**PROMPT:**
A picture should never appear in your copy. Transcribe the listing exactly from its first line through the line with "Stay warm and", both ends included.

**SOURCE MATERIAL:**
»»

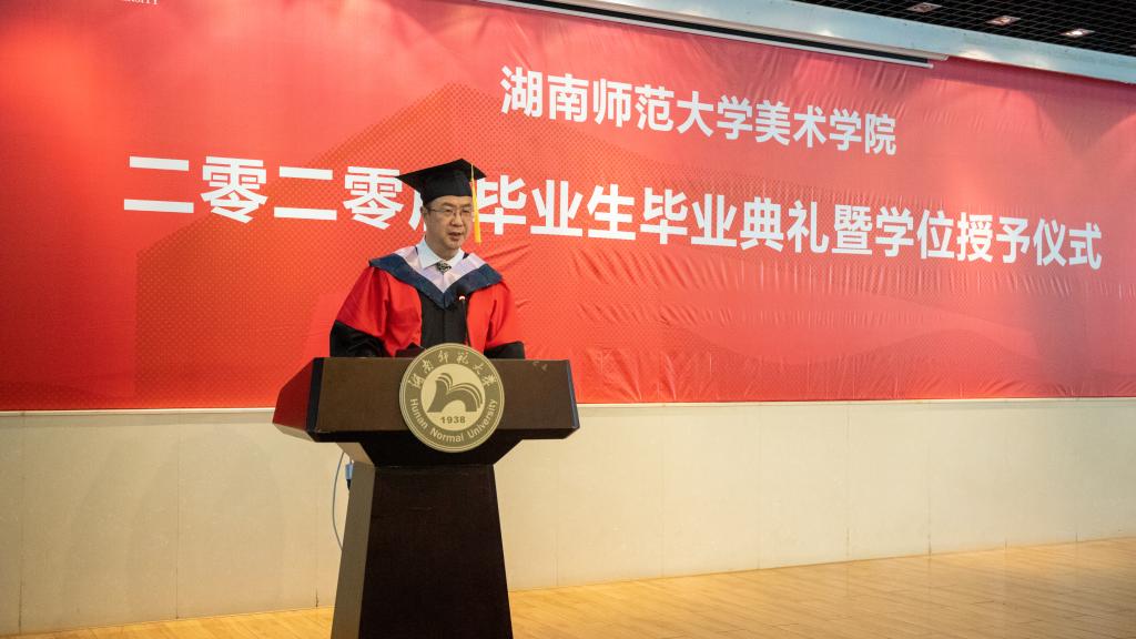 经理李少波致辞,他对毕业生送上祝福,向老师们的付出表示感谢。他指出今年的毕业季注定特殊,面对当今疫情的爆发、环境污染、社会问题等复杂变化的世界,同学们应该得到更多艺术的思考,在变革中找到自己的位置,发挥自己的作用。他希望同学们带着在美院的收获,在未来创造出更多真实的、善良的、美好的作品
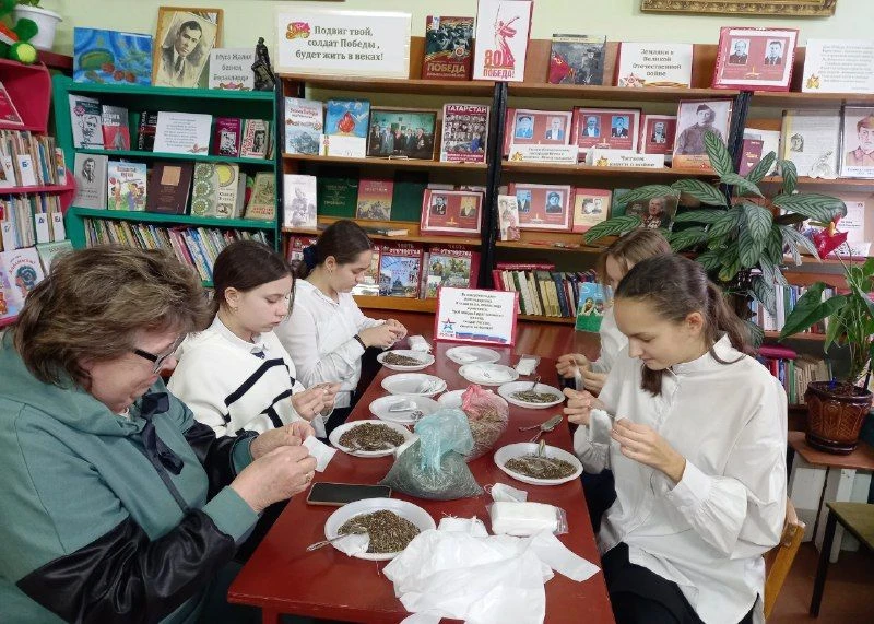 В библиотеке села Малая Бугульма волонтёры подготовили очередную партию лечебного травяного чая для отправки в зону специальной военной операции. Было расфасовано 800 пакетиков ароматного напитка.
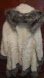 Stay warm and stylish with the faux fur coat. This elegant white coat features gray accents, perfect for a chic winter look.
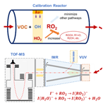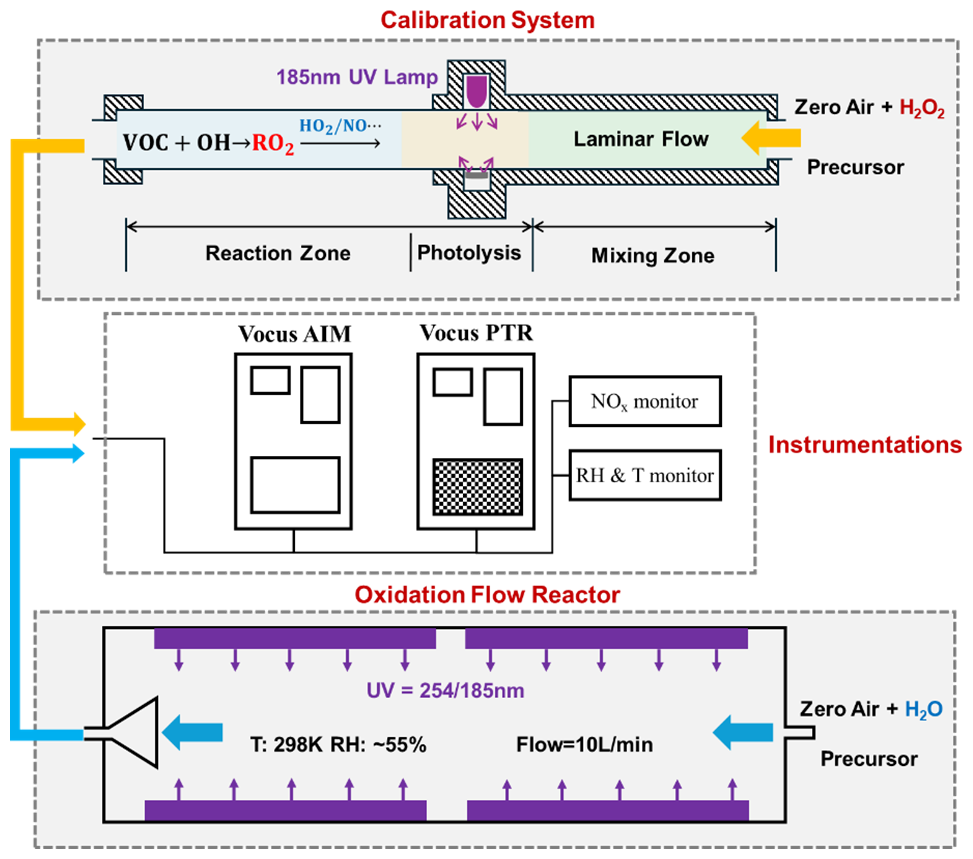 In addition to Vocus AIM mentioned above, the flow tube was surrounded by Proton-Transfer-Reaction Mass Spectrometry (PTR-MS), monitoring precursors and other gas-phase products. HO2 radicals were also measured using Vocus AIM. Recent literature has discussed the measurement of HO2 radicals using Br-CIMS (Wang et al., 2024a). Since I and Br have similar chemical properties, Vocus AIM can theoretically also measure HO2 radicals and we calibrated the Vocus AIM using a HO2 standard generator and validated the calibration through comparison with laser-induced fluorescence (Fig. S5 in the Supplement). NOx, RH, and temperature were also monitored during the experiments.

««

**WRITTEN RESPONSE:**
 经理李少波致辞,他对毕业生送上祝福,向老师们的付出表示感谢。他指出今年的毕业季注定特殊,面对当今疫情的爆发、环境污染、社会问题等复杂变化的世界,同学们应该得到更多艺术的思考,在变革中找到自己的位置,发挥自己的作用。他希望同学们带着在美院的收获,在未来创造出更多真实的、善良的、美好的作品
 В библиотеке села Малая Бугульма волонтёры подготовили очередную партию лечебного травяного чая для отправки в зону специальной военной операции. Было расфасовано 800 пакетиков ароматного напитка.
 Stay warm and stylish with the faux fur coat. This elegant white coat features gray accents, perfect for a chic winter look.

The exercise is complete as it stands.